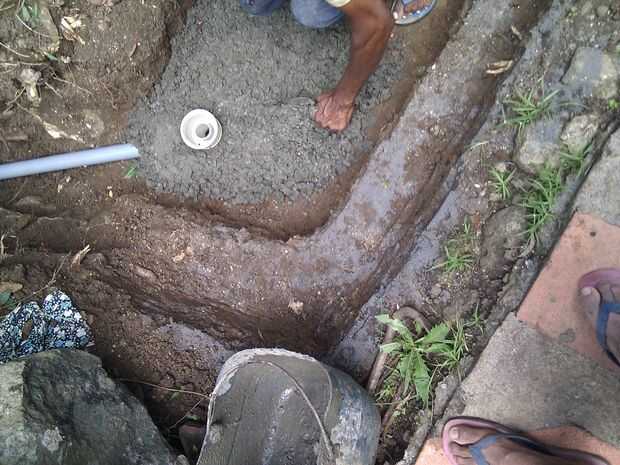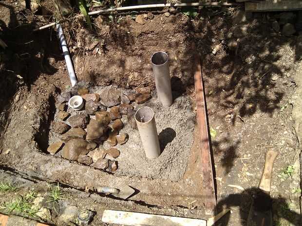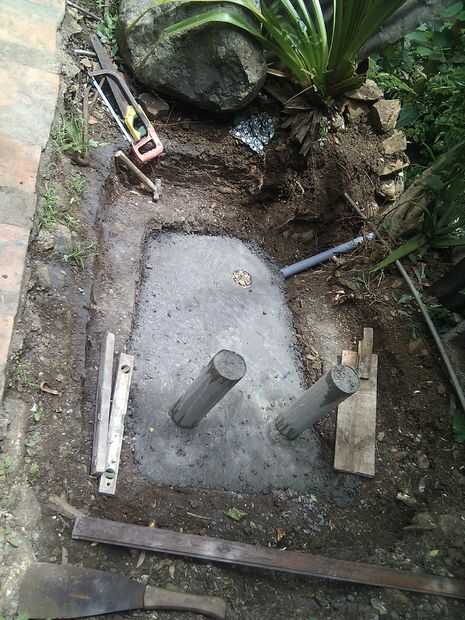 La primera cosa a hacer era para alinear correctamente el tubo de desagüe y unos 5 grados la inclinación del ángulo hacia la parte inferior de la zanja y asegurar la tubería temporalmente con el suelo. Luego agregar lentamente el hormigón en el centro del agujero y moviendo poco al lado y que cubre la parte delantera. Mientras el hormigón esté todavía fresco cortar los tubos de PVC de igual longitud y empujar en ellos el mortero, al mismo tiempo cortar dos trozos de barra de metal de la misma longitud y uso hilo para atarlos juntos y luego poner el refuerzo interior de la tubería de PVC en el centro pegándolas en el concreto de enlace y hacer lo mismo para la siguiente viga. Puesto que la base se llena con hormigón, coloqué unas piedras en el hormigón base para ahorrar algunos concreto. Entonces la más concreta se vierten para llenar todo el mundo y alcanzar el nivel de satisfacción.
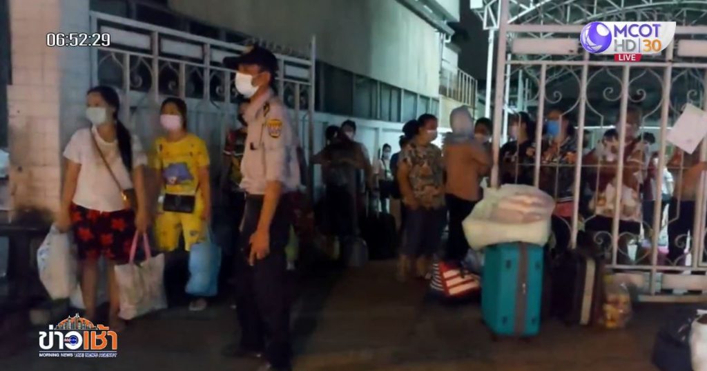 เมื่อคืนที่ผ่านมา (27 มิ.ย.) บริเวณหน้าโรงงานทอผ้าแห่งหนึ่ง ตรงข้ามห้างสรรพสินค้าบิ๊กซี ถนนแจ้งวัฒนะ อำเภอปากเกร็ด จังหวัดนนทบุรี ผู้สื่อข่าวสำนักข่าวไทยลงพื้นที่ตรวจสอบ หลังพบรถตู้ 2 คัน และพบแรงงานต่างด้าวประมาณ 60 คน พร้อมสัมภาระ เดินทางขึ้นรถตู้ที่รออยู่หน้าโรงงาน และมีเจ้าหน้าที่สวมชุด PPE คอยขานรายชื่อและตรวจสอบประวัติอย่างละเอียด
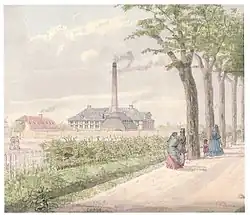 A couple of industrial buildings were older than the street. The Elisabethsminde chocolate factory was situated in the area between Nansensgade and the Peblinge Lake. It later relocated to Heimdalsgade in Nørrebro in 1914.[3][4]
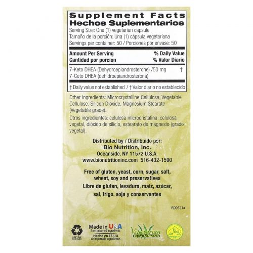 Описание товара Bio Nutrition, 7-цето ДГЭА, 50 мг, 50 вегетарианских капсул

#### [Directions]
Reproduce the material above in full and without alteration, but skip all pictures.

#### [Result]
 La primera cosa a hacer era para alinear correctamente el tubo de desagüe y unos 5 grados la inclinación del ángulo hacia la parte inferior de la zanja y asegurar la tubería temporalmente con el suelo. Luego agregar lentamente el hormigón en el centro del agujero y moviendo poco al lado y que cubre la parte delantera. Mientras el hormigón esté todavía fresco cortar los tubos de PVC de igual longitud y empujar en ellos el mortero, al mismo tiempo cortar dos trozos de barra de metal de la misma longitud y uso hilo para atarlos juntos y luego poner el refuerzo interior de la tubería de PVC en el centro pegándolas en el concreto de enlace y hacer lo mismo para la siguiente viga. Puesto que la base se llena con hormigón, coloqué unas piedras en el hormigón base para ahorrar algunos concreto. Entonces la más concreta se vierten para llenar todo el mundo y alcanzar el nivel de satisfacción.
 เมื่อคืนที่ผ่านมา (27 มิ.ย.) บริเวณหน้าโรงงานทอผ้าแห่งหนึ่ง ตรงข้ามห้างสรรพสินค้าบิ๊กซี ถนนแจ้งวัฒนะ อำเภอปากเกร็ด จังหวัดนนทบุรี ผู้สื่อข่าวสำนักข่าวไทยลงพื้นที่ตรวจสอบ หลังพบรถตู้ 2 คัน และพบแรงงานต่างด้าวประมาณ 60 คน พร้อมสัมภาระ เดินทางขึ้นรถตู้ที่รออยู่หน้าโรงงาน และมีเจ้าหน้าที่สวมชุด PPE คอยขานรายชื่อและตรวจสอบประวัติอย่างละเอียด
 A couple of industrial buildings were older than the street. The Elisabethsminde chocolate factory was situated in the area between Nansensgade and the Peblinge Lake. It later relocated to Heimdalsgade in Nørrebro in 1914.[3][4]
 Описание товара Bio Nutrition, 7-цето ДГЭА, 50 мг, 50 вегетарианских капсул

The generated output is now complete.